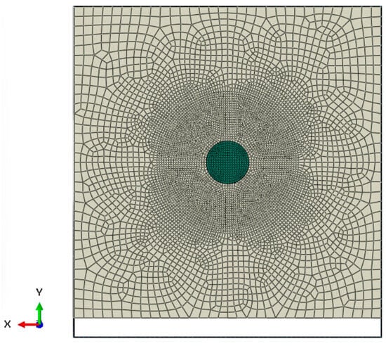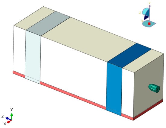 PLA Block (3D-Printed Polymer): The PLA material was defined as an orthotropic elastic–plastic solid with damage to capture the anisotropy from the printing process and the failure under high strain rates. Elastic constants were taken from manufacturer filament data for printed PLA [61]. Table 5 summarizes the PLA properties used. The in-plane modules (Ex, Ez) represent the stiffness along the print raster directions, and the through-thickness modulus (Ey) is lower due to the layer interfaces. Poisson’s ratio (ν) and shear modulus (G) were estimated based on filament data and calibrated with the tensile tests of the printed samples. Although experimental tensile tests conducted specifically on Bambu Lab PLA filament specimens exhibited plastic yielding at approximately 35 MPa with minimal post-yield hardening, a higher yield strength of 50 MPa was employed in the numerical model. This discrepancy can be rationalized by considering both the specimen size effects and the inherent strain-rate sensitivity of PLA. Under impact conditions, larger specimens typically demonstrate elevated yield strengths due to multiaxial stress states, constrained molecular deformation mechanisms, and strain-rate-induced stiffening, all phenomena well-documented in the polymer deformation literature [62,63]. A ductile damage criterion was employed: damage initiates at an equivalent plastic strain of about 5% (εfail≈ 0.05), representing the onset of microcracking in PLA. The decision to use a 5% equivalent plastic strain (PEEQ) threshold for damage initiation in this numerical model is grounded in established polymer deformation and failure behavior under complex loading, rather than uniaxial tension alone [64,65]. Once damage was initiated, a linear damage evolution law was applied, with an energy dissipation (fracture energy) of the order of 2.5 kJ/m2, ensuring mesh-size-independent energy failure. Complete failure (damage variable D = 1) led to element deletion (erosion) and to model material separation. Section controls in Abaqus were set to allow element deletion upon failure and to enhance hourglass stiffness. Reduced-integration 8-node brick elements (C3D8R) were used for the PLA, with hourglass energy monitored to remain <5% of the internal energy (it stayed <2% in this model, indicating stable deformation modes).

* * *

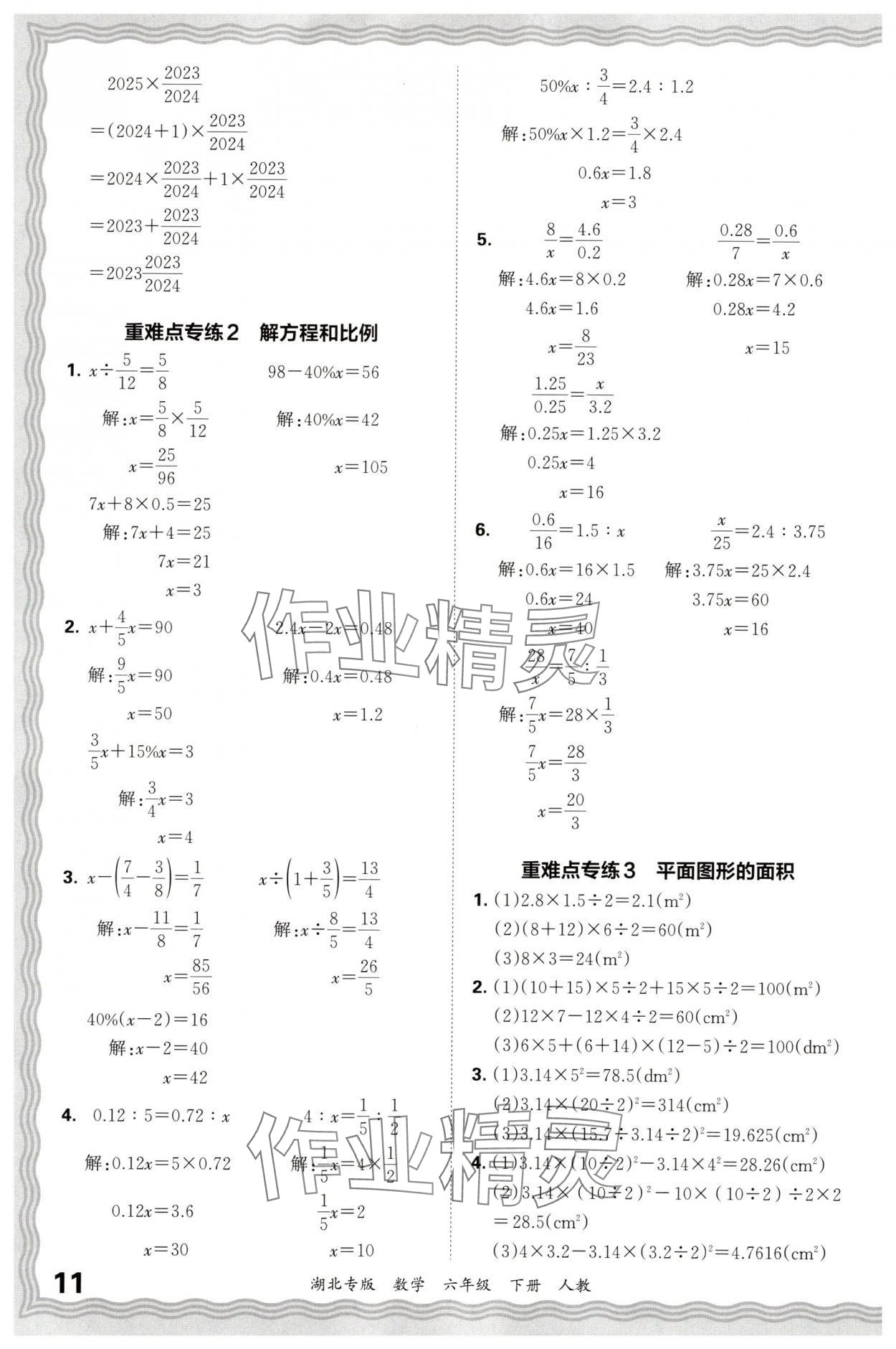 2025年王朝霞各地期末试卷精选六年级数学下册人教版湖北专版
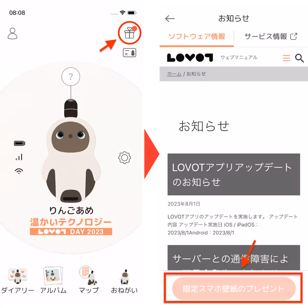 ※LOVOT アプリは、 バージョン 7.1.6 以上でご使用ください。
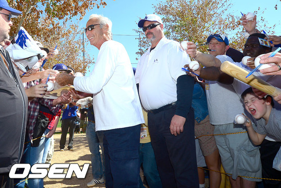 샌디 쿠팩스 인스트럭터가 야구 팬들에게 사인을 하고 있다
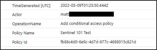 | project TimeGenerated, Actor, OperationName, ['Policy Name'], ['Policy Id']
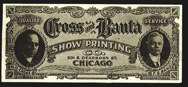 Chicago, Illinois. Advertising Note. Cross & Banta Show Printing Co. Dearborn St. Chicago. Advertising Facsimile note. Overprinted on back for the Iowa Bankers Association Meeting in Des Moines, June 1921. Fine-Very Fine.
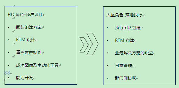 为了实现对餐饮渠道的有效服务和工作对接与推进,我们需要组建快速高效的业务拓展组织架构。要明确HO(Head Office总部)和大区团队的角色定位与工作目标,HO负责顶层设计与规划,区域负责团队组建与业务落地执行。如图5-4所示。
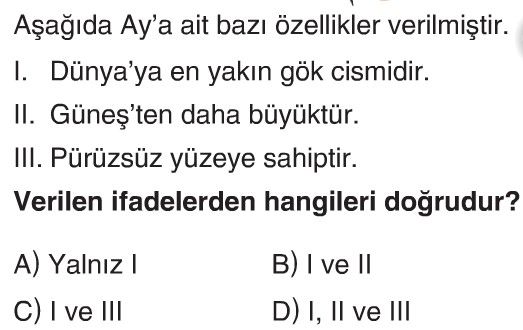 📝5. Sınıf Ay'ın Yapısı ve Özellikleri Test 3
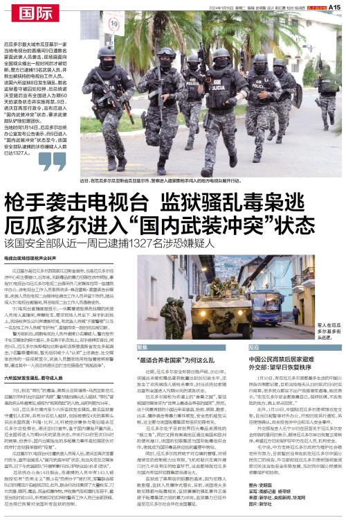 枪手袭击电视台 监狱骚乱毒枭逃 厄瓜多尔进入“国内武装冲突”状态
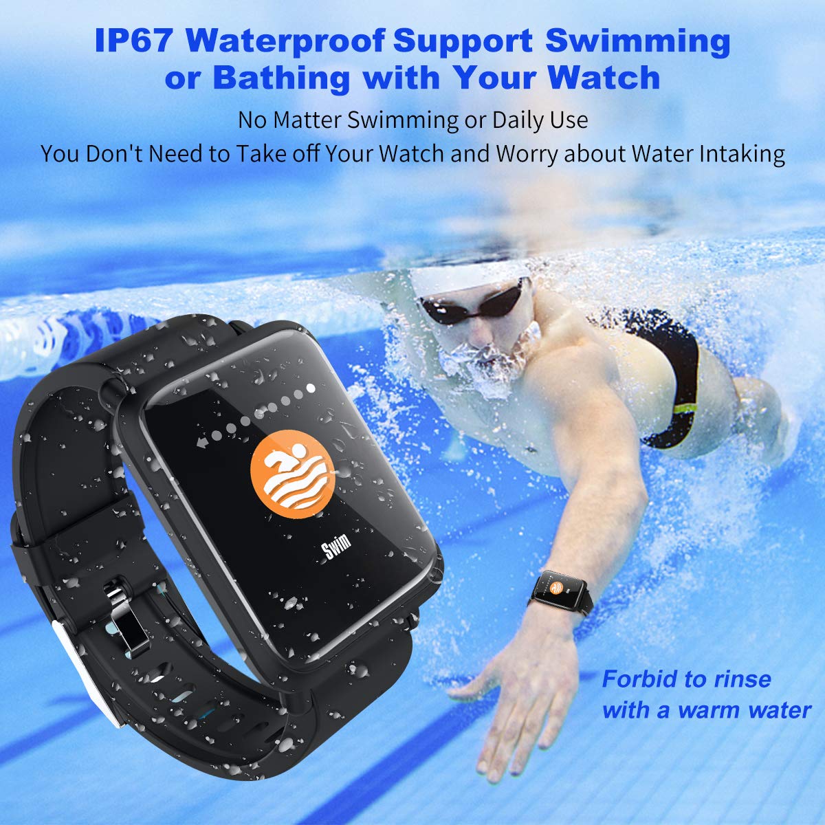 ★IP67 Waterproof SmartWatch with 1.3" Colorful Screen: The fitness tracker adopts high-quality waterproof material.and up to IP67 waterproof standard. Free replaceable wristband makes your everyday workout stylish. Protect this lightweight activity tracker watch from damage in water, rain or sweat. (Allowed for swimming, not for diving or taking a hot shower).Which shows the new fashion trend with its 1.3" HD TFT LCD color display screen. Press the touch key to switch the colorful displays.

#### [WORK INSTRUCTION]
In the records above, copy exactly everything from the line that has "Chicago, Illinois. Advertising" down to the line that has "the colorful displays.", both ends included, and leave out the pictures.

#### [ANSWER AREA]
 Chicago, Illinois. Advertising Note. Cross & Banta Show Printing Co. Dearborn St. Chicago. Advertising Facsimile note. Overprinted on back for the Iowa Bankers Association Meeting in Des Moines, June 1921. Fine-Very Fine.
 为了实现对餐饮渠道的有效服务和工作对接与推进,我们需要组建快速高效的业务拓展组织架构。要明确HO(Head Office总部)和大区团队的角色定位与工作目标,HO负责顶层设计与规划,区域负责团队组建与业务落地执行。如图5-4所示。
 📝5. Sınıf Ay'ın Yapısı ve Özellikleri Test 3
 枪手袭击电视台 监狱骚乱毒枭逃 厄瓜多尔进入“国内武装冲突”状态
 ★IP67 Waterproof SmartWatch with 1.3" Colorful Screen: The fitness tracker adopts high-quality waterproof material.and up to IP67 waterproof standard. Free replaceable wristband makes your everyday workout stylish. Protect this lightweight activity tracker watch from damage in water, rain or sweat. (Allowed for swimming, not for diving or taking a hot shower).Which shows the new fashion trend with its 1.3" HD TFT LCD color display screen. Press the touch key to switch the colorful displays.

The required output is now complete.